11 min read

Getting hy with pandas

TL;DR

In this post, we scratch the surface of Hy, a lisp dialect for python, by converting a pandas pipeline. The post assumes some familiarity with pandas.

Introduction

I find the Hy project really interesting. From the website:

Hy is a wonderful dialect of Lisp that’s embedded in Python. Since Hy transforms its Lisp code into the Python Abstract Syntax Tree, you have the whole beautiful world of Python at your fingertips, in Lisp form!

If you rely on some python libraries, but wish you could write code closer to clojure, why not try it out?

In this post, we will convert a small pandas pipeline from python to Hy.

Lisps

From Lisp’s wikipedia page:

Lisp is an expression oriented language. Unlike most other languages, no distinction is made between “expressions” and “statements”; all code and data are written as expressions. When an expression is evaluated, it produces a value (in Common Lisp, possibly multiple values), which can then be embedded into other expressions. Each value can be any data type.
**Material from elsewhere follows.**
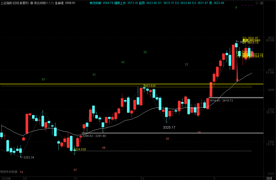 昨天讲课的时候,聊到了大盘的拐点问题。我特意画了一根线加以说明,告诉大家:当均线和N字高点重合时,往往会产生或上或下的拐点。上证指数的拐点是1月13号出现的,创业板的拐点是1月8号出现的。虽然今天创业板日线级别完成了再次的由空翻多,但说老实话,我并不看好这个反弹,因为创业板的大涨都是尤其权重成分股拉抬所致。

If you have never seen a Lisp before, start with Hy’s intro. The first pages of “Clojure for the Brave and True” also provide an entertaining introduction to Lisp syntax.

Hy syntax

To discover Hy, you can write small Hy scripts and run the hy2py <hy-file> command on it without flags. This will show you the resulting python code. The Hy REPL is also helpful for messing around.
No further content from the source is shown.